**WHAT THE EXERCISE ASKS**
Give back exactly the lines from the beginning of the listing below to the line holding "The New filter", both ends included; the pictures stay out.

**COLLECTED DATA**
---------------

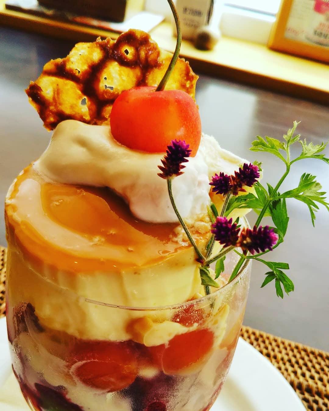 七重浜の珈琲待夢さんで「さくらんぼとプリンのパフェ」です。
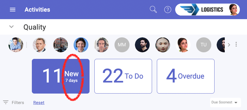 The New filter shows new activities raised or shared in the last 24 hours by default.
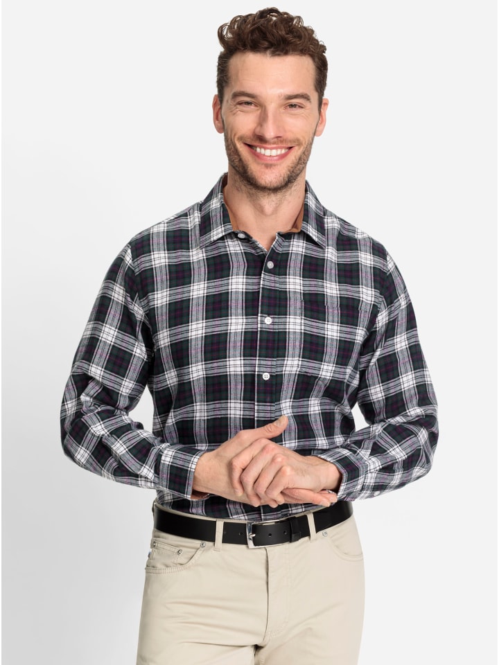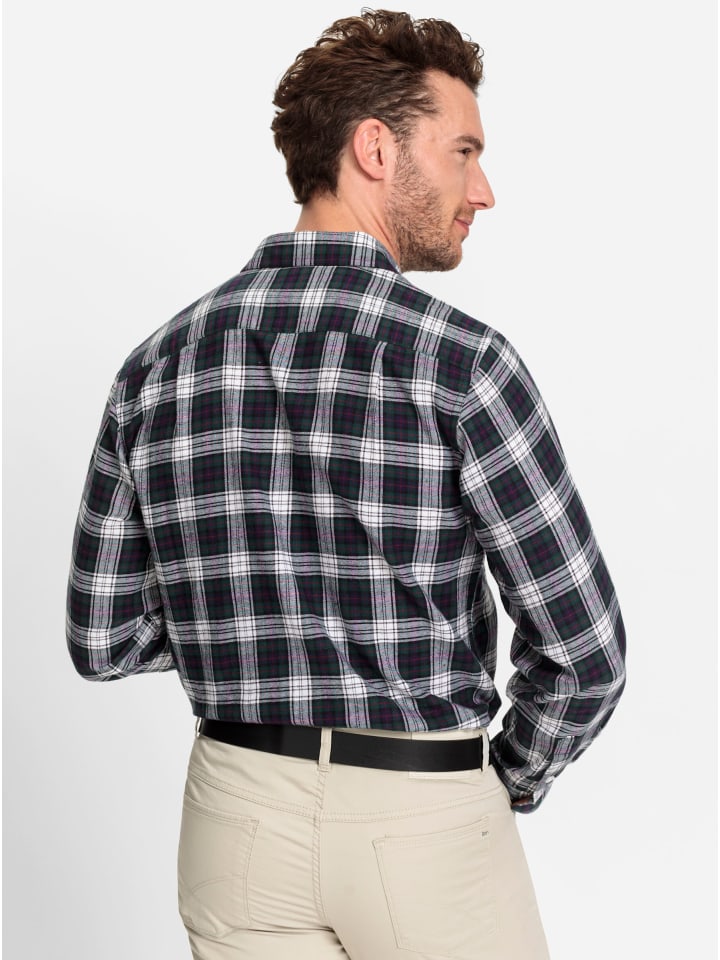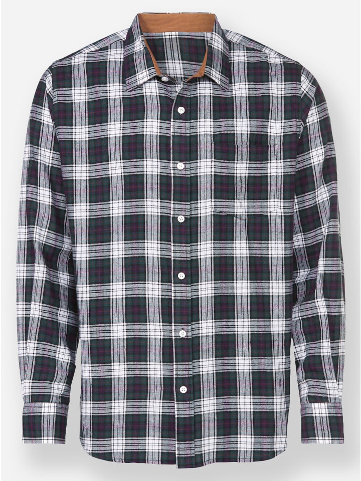 Рубашка с длинными рукавами от Marco Donati из высококачественной окрашенной пряжей клетчатой ткани на теплой фланели. Вельветовая отделка на внутренней стороне воротника и манжет Kent добавляет стильный штрих. Застежка на пуговицы по всей длине и нагрудный карман. Слегка закругленный низ. В соответствии с инициативой «Сделано в Африке» (Cat)

---------------

**ANSWER BOX**
 七重浜の珈琲待夢さんで「さくらんぼとプリンのパフェ」です。
 The New filter shows new activities raised or shared in the last 24 hours by default.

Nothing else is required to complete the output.